JAKARTA, RADIANTVOICE.ID – Mahkamah Konstitusi (MK) resmi memutuskan pemisahan antara pemilu nasional dan pemilu lokal dalam penyelenggaraan demokrasi Indonesia ke depan. Putusan tersebut disambut baik oleh Perkumpulan untuk Pemilu dan Demokrasi (Perludem) yang menilai langkah ini menjawab persoalan mendasar dalam sistem pemilu selama ini.
MK mengabulkan sebagian gugatan perkara Nomor 135/PUU-XXII/2024 yang diajukan oleh Perludem, dengan menetapkan bahwa pemilu anggota DPRD dan pemilihan kepala/wakil kepala daerah akan digelar dua hingga dua setengah tahun setelah pelantikan anggota DPR, DPD, serta presiden dan wakil presiden terpilih.
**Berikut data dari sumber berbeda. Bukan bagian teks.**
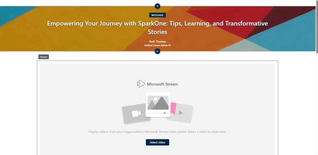 After a pretty short period of time, you have a page with starting points for banner images, page title, and perhaps a Stream web part for a video: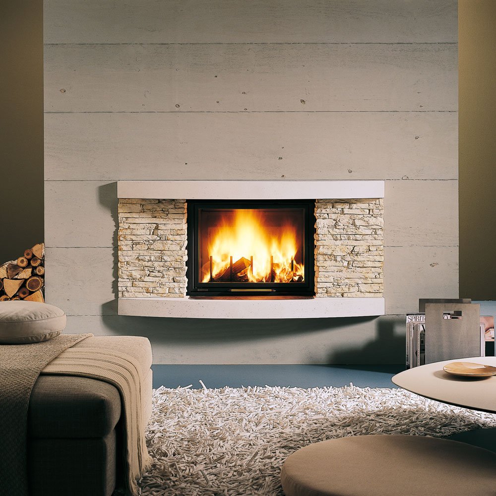 Боковины из декоративного материала, окрашенного с помощью натуральных оксидов для эффекта натурального камня, положенного всухую. Панели сверху и снизу из неокрашенного материала и могут быть окрашены по вашему вкусу. Стальная защитная поверхность напротив топки.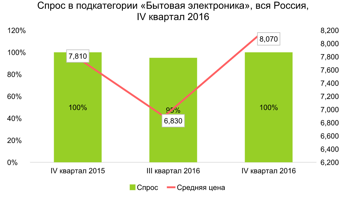 Второй по популярности среди посетителей раздела товаров общего спроса на Avito оказалась подкатегория «Бытовая электроника». За отчетный период интерес к ней вырос на 5%. В среднем покупателям пришлось заплатить за товары из этого раздела на 3% больше по сравнению с 2015 годом – 8 070 рублей.
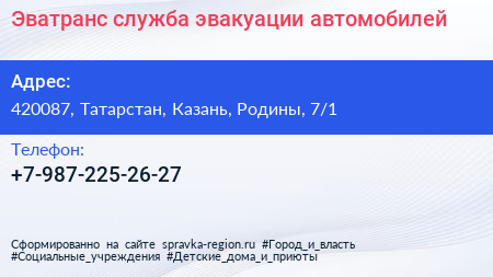 Эватранс, служба эвакуации автомобилей по адресу 420087, Татарстан, Казань, Родины, 7/1 в дальнейшем Организация, размещена в следующих категориях: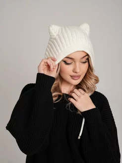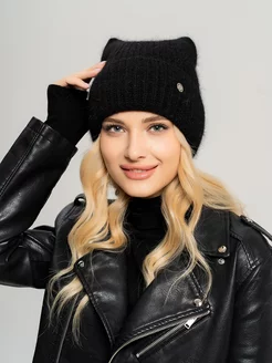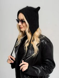 Шапка из ангоры вязаная женская с ушками кошки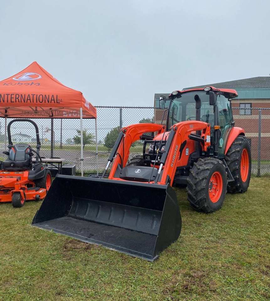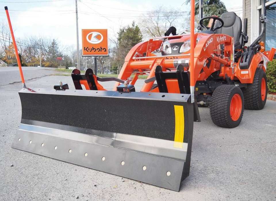 Kubota รถแทรกเตอร์ล้อมือสองพร้อมเครื่องยนต์เพอร์กิ้นส์ติดตั้งเครื่องเป่าหิมะและดาดฟ้าตัดหญ้าขนาดกลางสำหรับฟาร์ม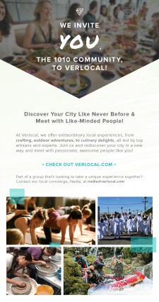 Los Angeles, California , November 22, 2016 (Newswire.com) - The people at Verlocal challenge the people at TENTEN to get out see parts of Los Angeles they never get to see, do things they always wish they could do, with people they never cross paths with in their workaday lives. Be part of a group that’s looking to have unique experiences together. Rediscover your city and meet awesome, passionate people. Get active and be part of the community at Verlocal.com.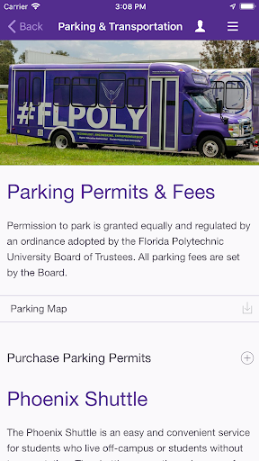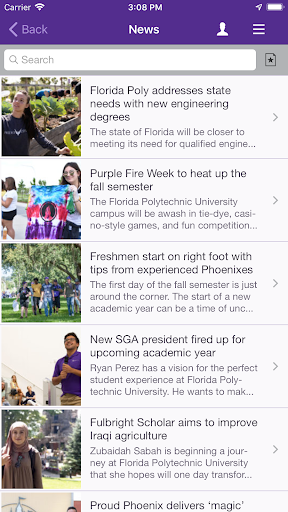 يمكن لطلاب بولي فلوريدا وأعضاء هيئة التدريس والموظفين وأفراد المجتمع الوصول إلى أحدث معلومات بولي فلوريدا على جهازهم المحمول.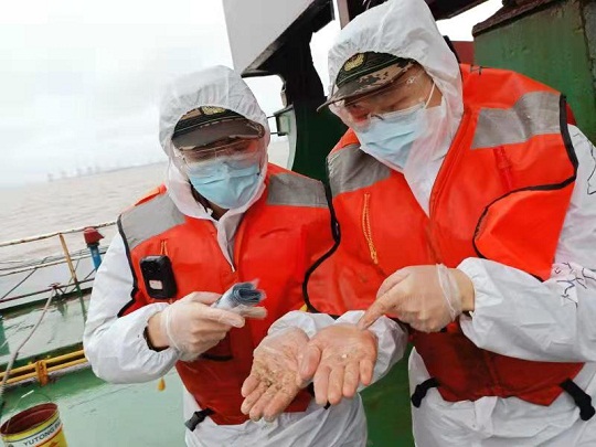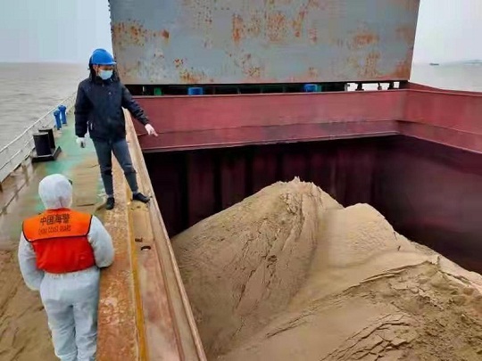 3月21日凌晨,該局巡邏艇在寶山附近海域巡邏時(shí)發(fā)現(xiàn)1艘船舶形跡可疑,該局執(zhí)法人員嚴(yán)格按照當(dāng)前疫情防控要求,穿戴好防疫裝備,攜帶消毒設(shè)備前往該嫌疑船舶進(jìn)行登臨檢查。經(jīng)査,該船舶貨艙內(nèi)滿載疑似海砂類砂石,砂石里混雜大量碎貝殼,隨后執(zhí)法人員在所有船艙依次提取樣品,均發(fā)現(xiàn)船舶所載貨物與貨運(yùn)清單明顯不符,且相關(guān)人員無法提供合法齊全手續(xù)。目前,案件正在進(jìn)一步偵辦中。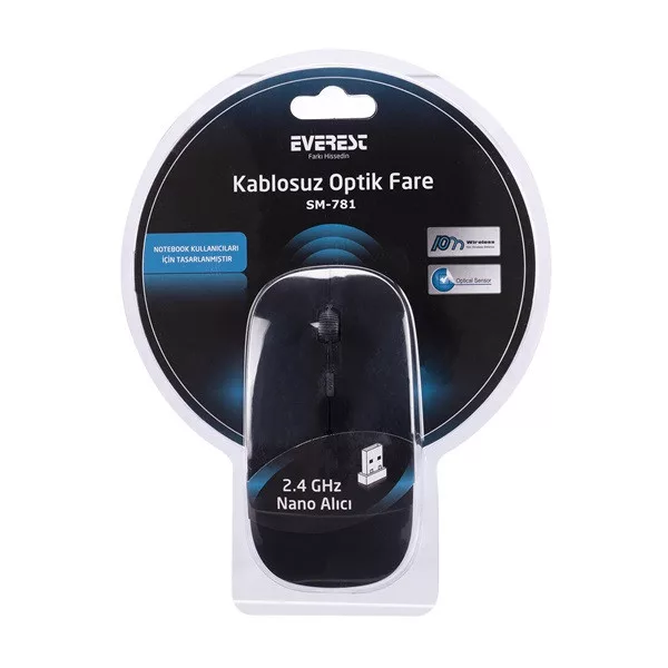 Everest Vezeték nélküli Egér - SM-781 (800 DPI, 4gomb, optikai, fekete)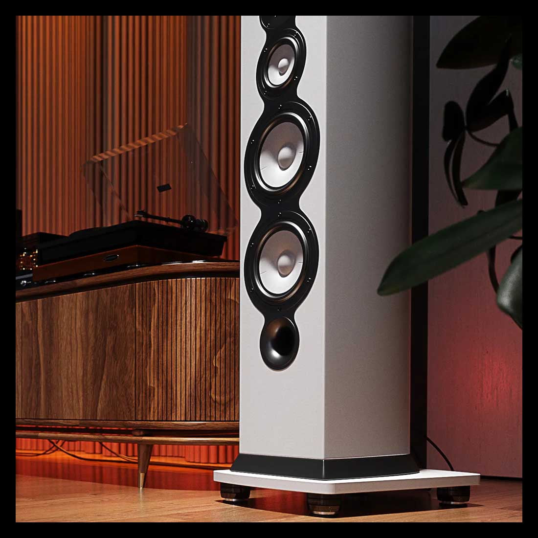 Cette orientation garantit une résistance accrue aux mouvements latéraux et aux oscillations hors axe, contribuant à la stabilité de l’enceinte et à la précision de l’image sonore.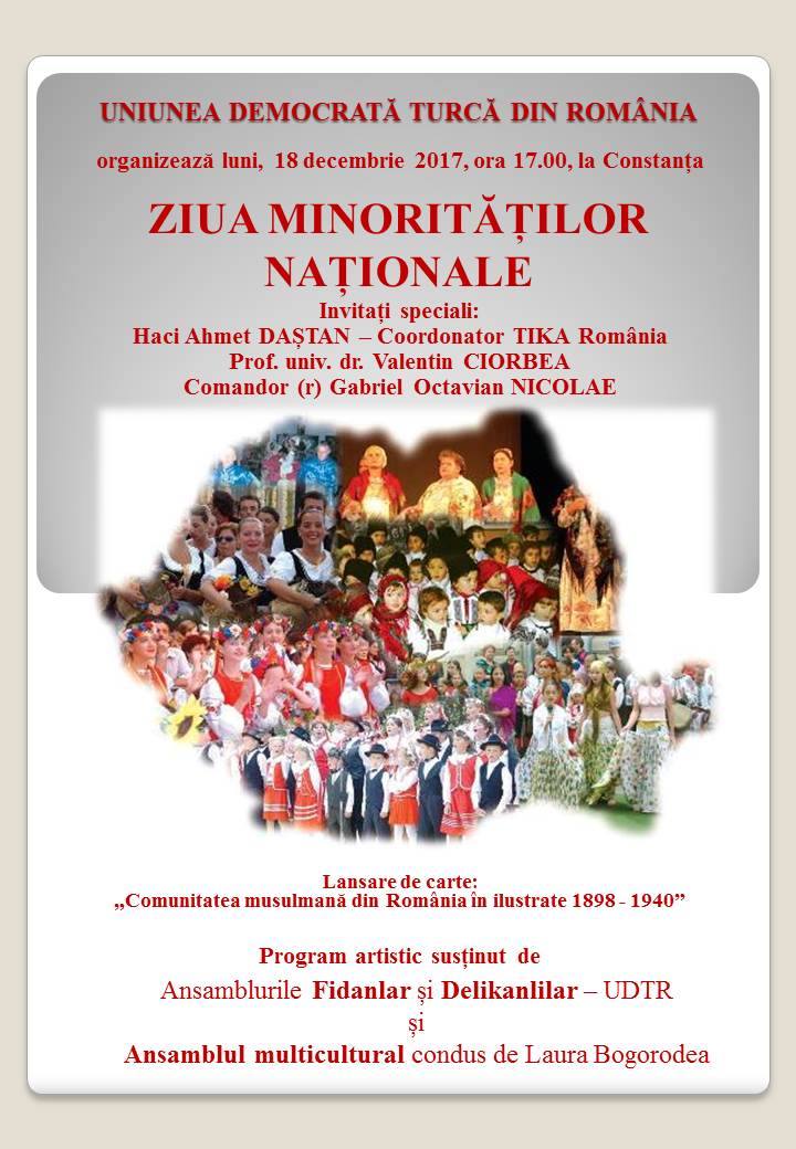 Uniunea Democrată Turcă din România organizează luni, 18 decembrie 2017, începând cu ora 17.00, la Constanţa, o manifestare cultural-artistică prilejuită de Ziua Minorităţilor Naţionale din România, instituită prin lege în acest an ca sărbătoare naţională.

“Bagi kita, ini adalah putusan yang sangat penting untuk menjawab masalah fundamental kerumitan dari penyelenggaraan pemilu kita,” ujar Fadli Ramadhanil, Program Manajer Perludem dalam sebuah diskusi daring, Jumat (27/6/2025), sebagaimana dilansir dari Antara.
Menurut Fadli, salah satu alasan utama diajukannya permohonan ini adalah untuk merancang ulang format keserentakan pemilu yang lebih masuk akal dan berpihak pada tiga aktor utama: pemilih, partai politik, dan penyelenggara pemilu.
Sistem “lima kotak” yang selama ini diterapkan – menggabungkan pemilu legislatif, presiden, dan pilkada – telah menimbulkan beban berat dan kompleksitas yang tinggi bagi semua pihak. MK dalam putusan yang dibacakan pada Kamis (26/6/2025) pun mengakui adanya dampak negatif dari format lama terhadap ketiga aktor tersebut.
Dengan putusan ini, MK menggariskan bahwa pemilu ke depan akan diselenggarakan dalam dua tahap besar: pemilu nasional untuk memilih DPR, DPD, dan presiden/wakil presiden; kemudian diikuti oleh pemilu lokal yang meliputi DPRD provinsi, DPRD kabupaten/kota, dan kepala daerah.
Fadli menegaskan bahwa format baru ini memperkuat kepastian hukum karena selaras dengan putusan-putusan MK sebelumnya.
“Pemilu DPR, DPD, dan presiden yang tidak lagi boleh dipisah itu sudah dikunci. Tapi kali ini, MK memberikan kepastian juga bahwa pemilu DPRD dan kepala daerah mesti dilaksanakan secara serentak,” jelasnya.
Peneliti Perludem, Heroik M. Pratama, turut menyoroti lambannya respons DPR dan pemerintah dalam menindaklanjuti Putusan MK Nomor 55/PUU-XVII/2019 yang telah membuka enam opsi desain keserentakan pemilu. Sejak putusan itu dikeluarkan lima tahun lalu, belum ada revisi Undang-Undang Pemilu yang dilakukan.
“Mahkamah akhirnya memilih satu dari enam opsi yang paling realistis dan konstitusional, yaitu memisahkan pemilu nasional dan lokal. Ini menjawab masalah faktual dari dua kali pemilu serentak sebelumnya,” ujar Heroik.
Putusan ini membuka babak baru dalam sistem pemilu Indonesia, dengan harapan dapat memperkuat kualitas demokrasi, meningkatkan partisipasi pemilih, dan merampingkan kerja penyelenggara pemilu (RED).